All Work And No Play

I have very little news to tell you, if I'm honest. It's now Sunday morning and I'm back in work. Worked some crazy hours in the week and was in the office till a quarter to eight last night. Tinseltroos is also putting in the hours at the moment too so I have a kindred spirit at least. I really hope it's all going to be worth it, because it's really hard going at the moment. It is one the aspects of visual effects that I think very few people outside the industry appreciate; the whole amount of effort it takes to do anything worthwhile is huge.

I suppose the best way I can explain is to take the current movie I'm on as an example. It is going to be released on 13th July worldwide (that date should tell you what it is if you care about such things). By the time we finish we'll have been working for 18 months on the film. Non stop. For eighteen months of effort my little team will have produced perhaps two minutes of footage, if that. And we've been working pretty damn hard for all that time, ramping up to 10-12 hour days for 5-6 months and now we're in the 12-14 hour, 6 or 7 day week working pattern which will continue until we finish. I'll reiterate, all for two minutes of screen time. There are other teams here and at other studios doing the same thing to produce the rest of the effects for the film. The belief that "it's all done with computers nowadays" is largely true, we're all CG visual effects artists but the notion that the machines do the work and it's now easy to create these effects is utterly untrue. And the very tired bunch of people who surround me will back me up on that.

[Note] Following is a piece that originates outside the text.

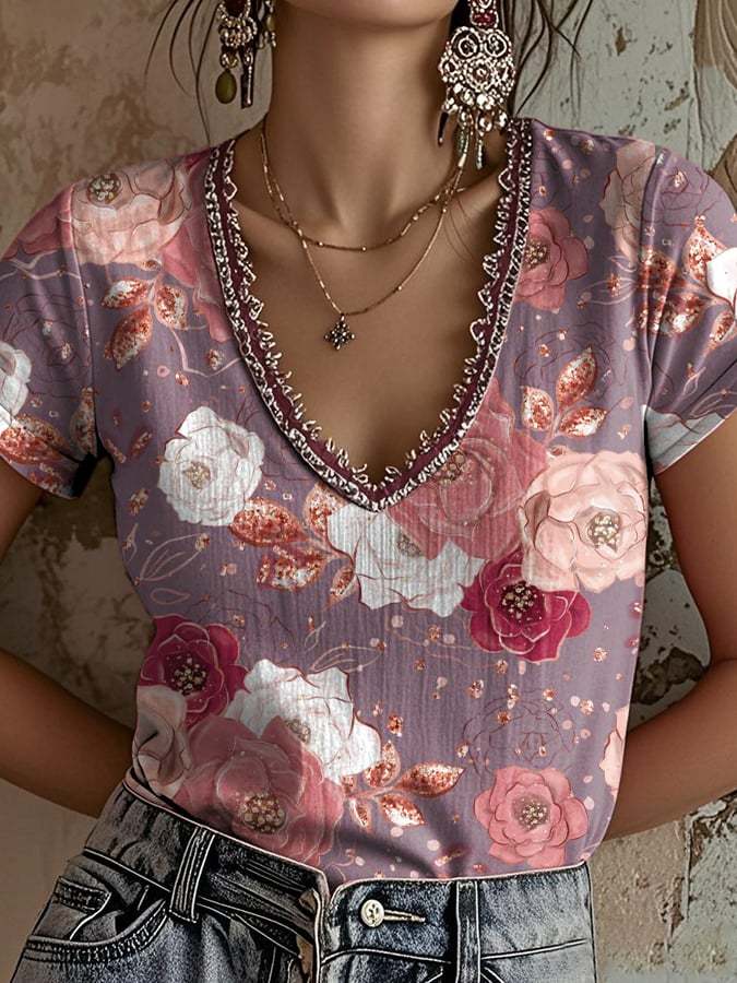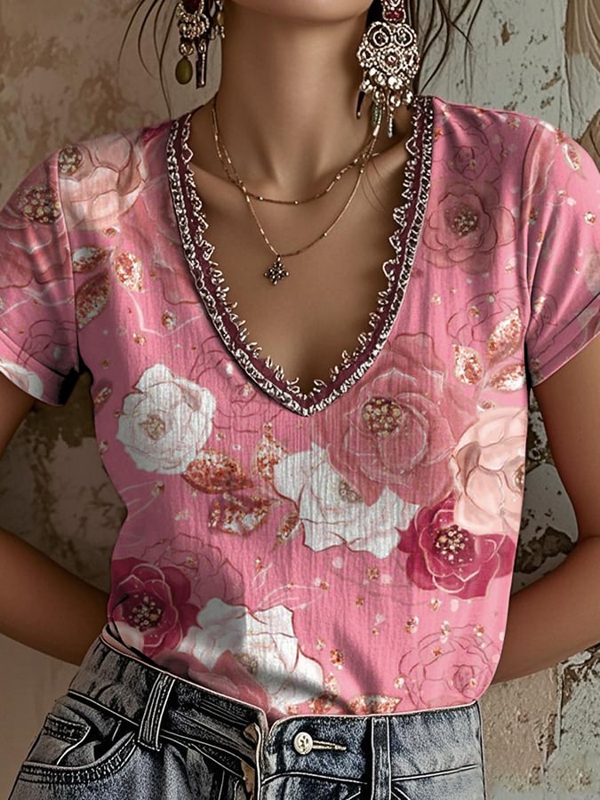 Women's Pink Art Printed T-Shirt

It's a psychologically strange profession; we utterly obsess over something, in the current instance a fully CG giant for many many months to the point where all critical facility is gone as we are so immersed in the finest and tiniest detail that we cannot see beyond it and therefore rely on those with fresher eyes to tell us where we're going right or wrong in a more general way.

I remember when I created the squirrels for "Charlie and the Chocolate Factory", which were mostly digital whatever spin Warner's press office put out about the hordes of trained squirrels they had for the sequence. The fact is squirrels are skittish rodents who will not perform to order and so our workoad went through the roof. I worked on that film for a year and everytime I walked through a park, there would be one of the furry little bastards staring back at me, as if it were personally defying me.

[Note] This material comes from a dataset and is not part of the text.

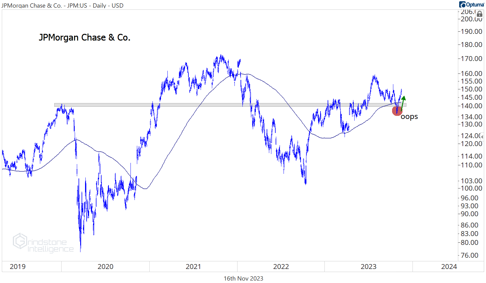 Sorry bears, but you had your chance. I can’t think of any stock in the sector that’s more important than JPMorgan - it’s one of the most important stocks in the world for that matter. And you guys had JPM on the ropes a few weeks ago. You pushed it below the pre-COVID highs and knocked it beneath the 200-day moving average for the first time all year. Then you fumbled the opportunity. JPM is back above that key level - and from failed moves comes fast moves in the opposite direction.

That project was a massive undertaking because everyone has their own idea of what a squirrel looks like and I have to tell you, you're probably wrong. I realised this when we went up to Pinewood, where the film was shot, to see the squirrels who were being trained and we going to make digital versions of. I had an image in my mind's eye of what to expect, everyone does. The human brain is an amazing thing, it reconstructs almost everything that our eyes take in to the point where 90% of what you see at any one time is what your brain believes you are seeing on the basis of past experience rather than unfiltered input from your eyes as you might expect. That's why we don't notice when people get new glasses or change a haircut, even if the effect is startlingly different; our brains make huge assumptions about what we see.

The one way I have found to get around this is when I need to study something as it actually is, rather than how I think it is, I draw it. If you have to construct the image yourself you can break the brain's desire to do the work for you. Photography doesn't work so well because your brain tries to make the same preconceived reconstruction of the image when you look at the print, that's why I prefer drawing. Drawing those squirrels totally changed how I saw them and understood them to look. Then there was a year of hell to build animate and produce the images for the film. This current project is about ten times as complicated. Wish us luck.